BEGIN INFORMATION SUPPLIED
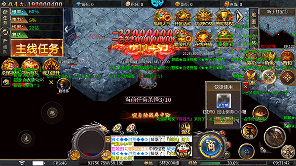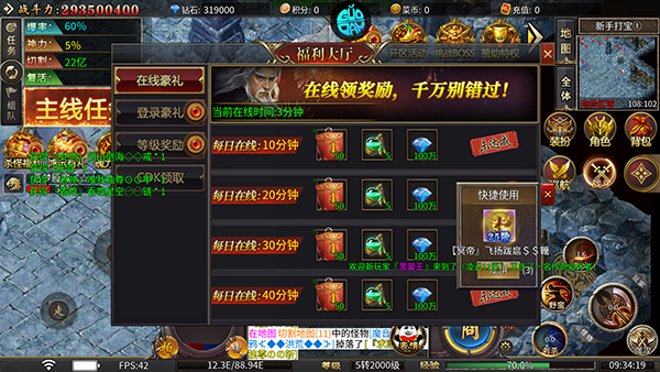 游戏中,玩家可以选择战士职业,通过完成任务和副本免费领取VIP,这对零氪玩家来说简直是福利。游戏玩法丰富,包括天赋神通、杀怪升级VIP、刀刀切割等特色玩法,还有主线任务、打怪、巡航模式等多种方式提升实力。此外,游戏内还设有自动战斗功能,极大提升了游戏效率。
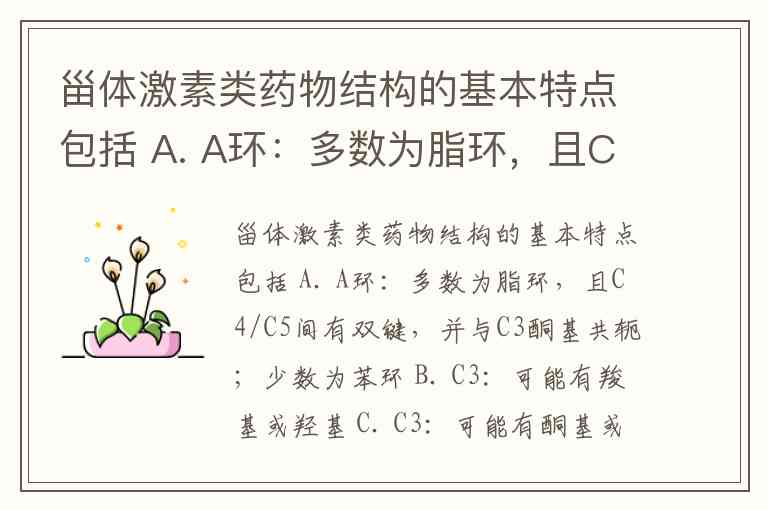 正确选项为A、C、D。这些结构特征不仅是化学鉴别的基础(如Δ4-3-酮的紫外吸收),更是理解激素作用机制的钥匙——为何看似相似的四环骨架,仅因取代基位置不同就能调控从糖代谢到生殖功能的复杂生理过程?
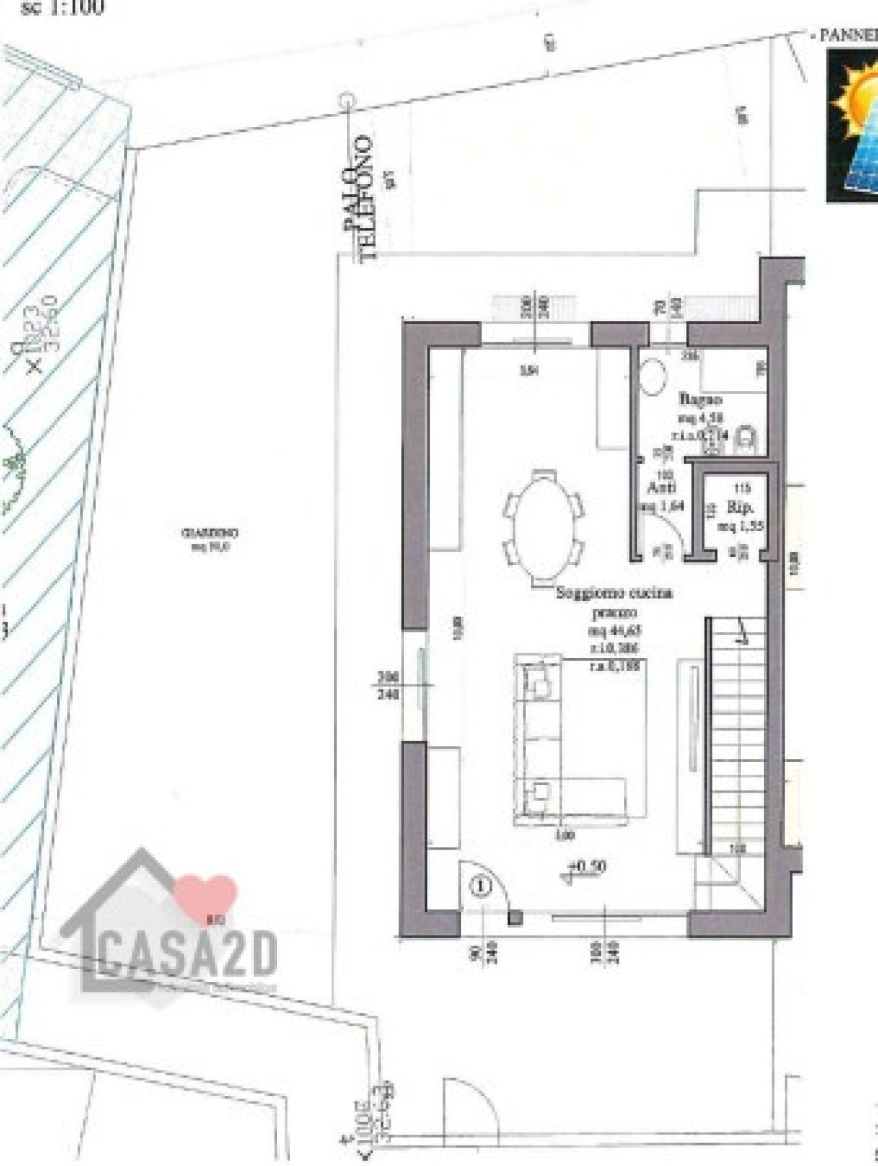 L’abitazione è così composta: Piano terra Ingresso tramite giardino frontale con accesso diretto al soggiorno con cucina a vista in open space di circa 46 mq, ambiente ampio e luminoso.
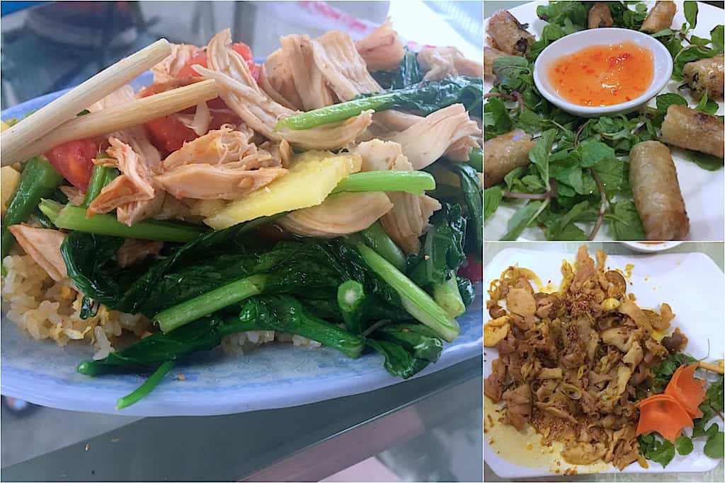 Maar goed, overal in deze regio wordt dus geit gegeten. Ons werd ook aangeraden het een keer te proberen, dus die avond heb ik geit besteld (rechtsonder op bovenstaande foto). Ik probeerde het beeld van de middag een beetje weg te denken, het is hun cultuur en tenslotte ben ik daar ook om die cultuur te ontdekken. Het gerecht dat ik had besteld heette De Nuong, hier wordt het geitenvlees gebakken en aangezien het snel taai kan worden is dit de manier waarop het vlees het meest mals blijft. Het gebakken geitenvlees meng je samen met verse kruiden, rol je op in een rijstvel en dip je in de pittige saus. Ik vond dit gerecht verrassend lekker! Verder at ik in Ninh Binh gefrituurde springrolls, die kom je in de rest van Vietnam ook veel tegen, en een heerlijk gerecht met gebakken rijst, spinazie, ananas en kip.
END INFORMATION SUPPLIED
_WHAT IS BEING ASKED_
Starting with the line that contains "正确选项为A、C、D。这些结" and finishing with the line that contains "L’abitazione è così", reproduce every line of the material above exactly, but not the pictures.

_SOLUTION_
 正确选项为A、C、D。这些结构特征不仅是化学鉴别的基础(如Δ4-3-酮的紫外吸收),更是理解激素作用机制的钥匙——为何看似相似的四环骨架,仅因取代基位置不同就能调控从糖代谢到生殖功能的复杂生理过程?
 L’abitazione è così composta: Piano terra Ingresso tramite giardino frontale con accesso diretto al soggiorno con cucina a vista in open space di circa 46 mq, ambiente ampio e luminoso.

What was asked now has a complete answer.